Since that date the denomination has gradually spread,
and in recent years has met with extraordinary success
in England as well as in America. There has been
more than one formidable secession ; but in this paper
I propose to deal rather with the original body from
which all sprang.
Its Tenets : Religious Aspect.
We must now proceed to an examination of its tenets,
and this (as admirably stated by Miss Margaret Benson
in a tract published by the Society for the Promotion of
Christian Knowledge) falls naturally under three heads :
the religious, the philosophical, and the physical.

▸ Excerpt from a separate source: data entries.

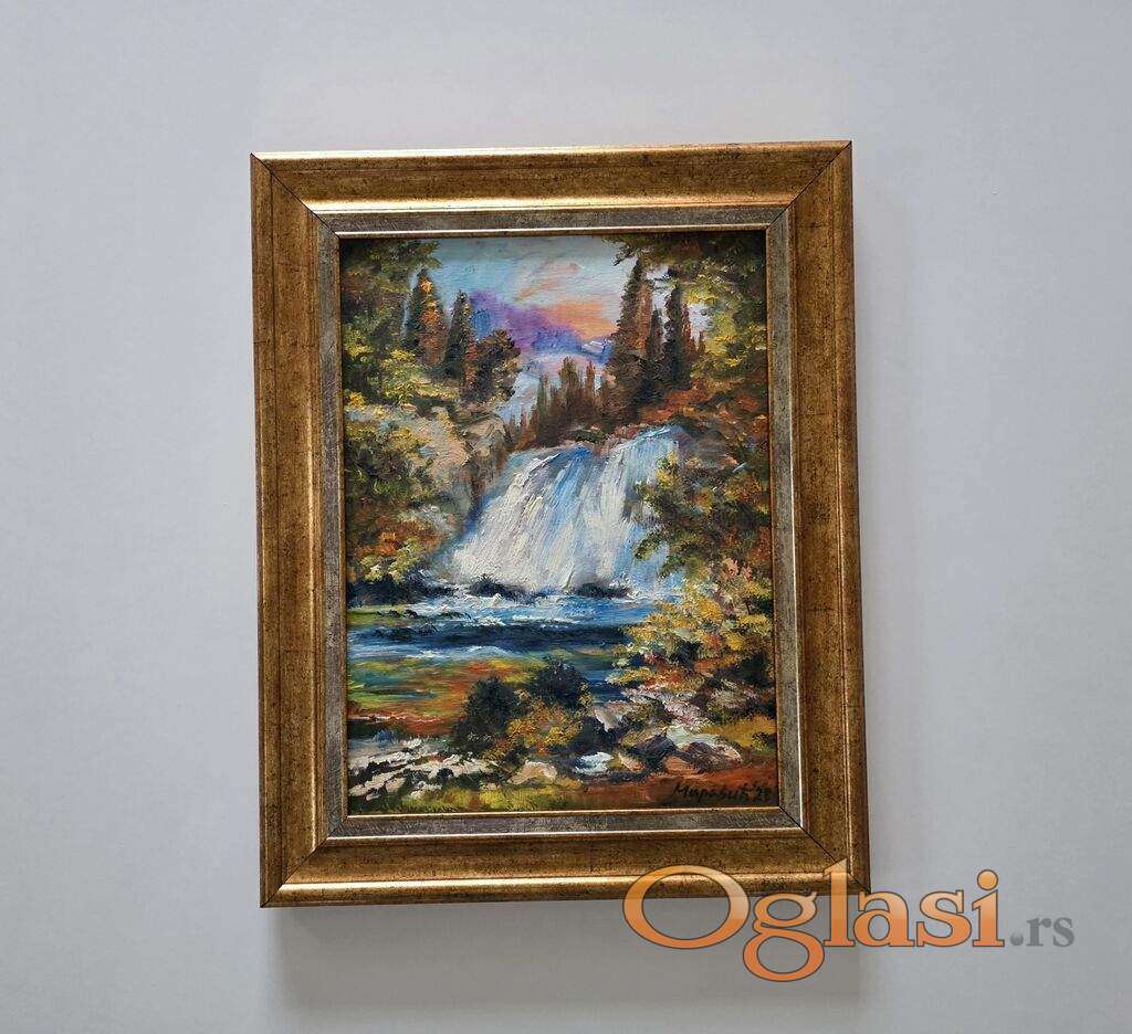 Ulje na platnu Jesenji slap, prelepo umetnicko delo. Slika je uramljena u jako lep ram, dimenzije slike sa ramom 51 x 41. Privatna kolekcija.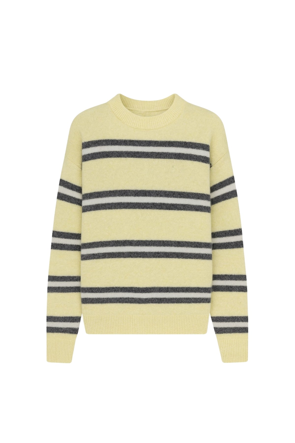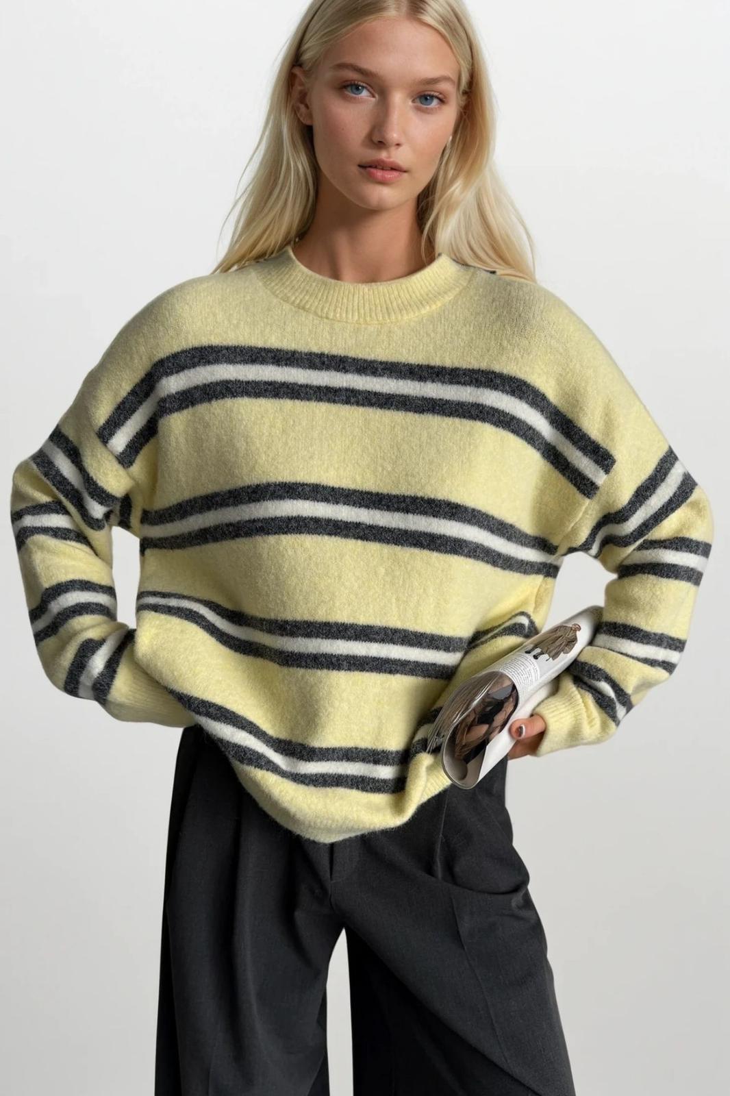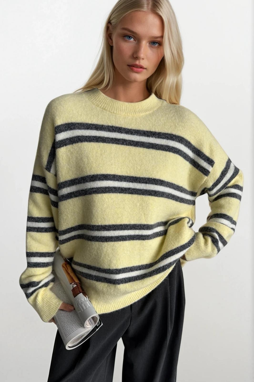 Çizgili Bisiklet Yaka Oversize Triko Sarı Kazak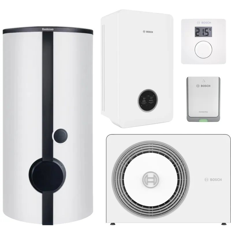 - инструкция, внутренний блок, наружный блок, панель управления, коммуникационный модуль, комплект с кабелем электрическим подогревом конденсата, водонагреватель, группа безопасности для бойлера, датчик температуры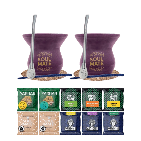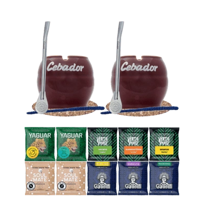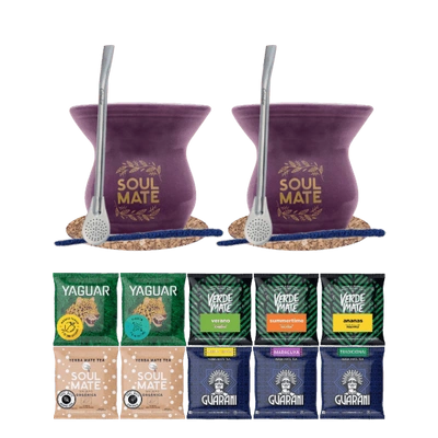 Set de Maté : 2x Calebasse + 2x Bombilla + Échantillons 10x50g

First, then, its religious aspect, and in particular its
claim to be considered Christian. The famous essay
on “ Snakes in Iceland ” is irresistibly suggested to the
mind. There are no snakes in Iceland ; and Christian
Science is not Christian • and we shall see presently
that it is not scientific either.
It is not Christian, I mean, in the ordinary sense of
the word. It is not more Christian, for example, than
the religion of Mahomet. Mahomet wrote in the Koran
that Mary should “bear the Word proceeding from
God,” and that “ Christ Jesus, the Son of Mary,” was
“ one of those who approach near to the presence of
God” (chap. ii.). Such was his mistaken reverence for
our Blessed Lord that he stated that “the Jews slew
him not . . . but he was represented by one in his like
ness” and that “God took him up unto himself”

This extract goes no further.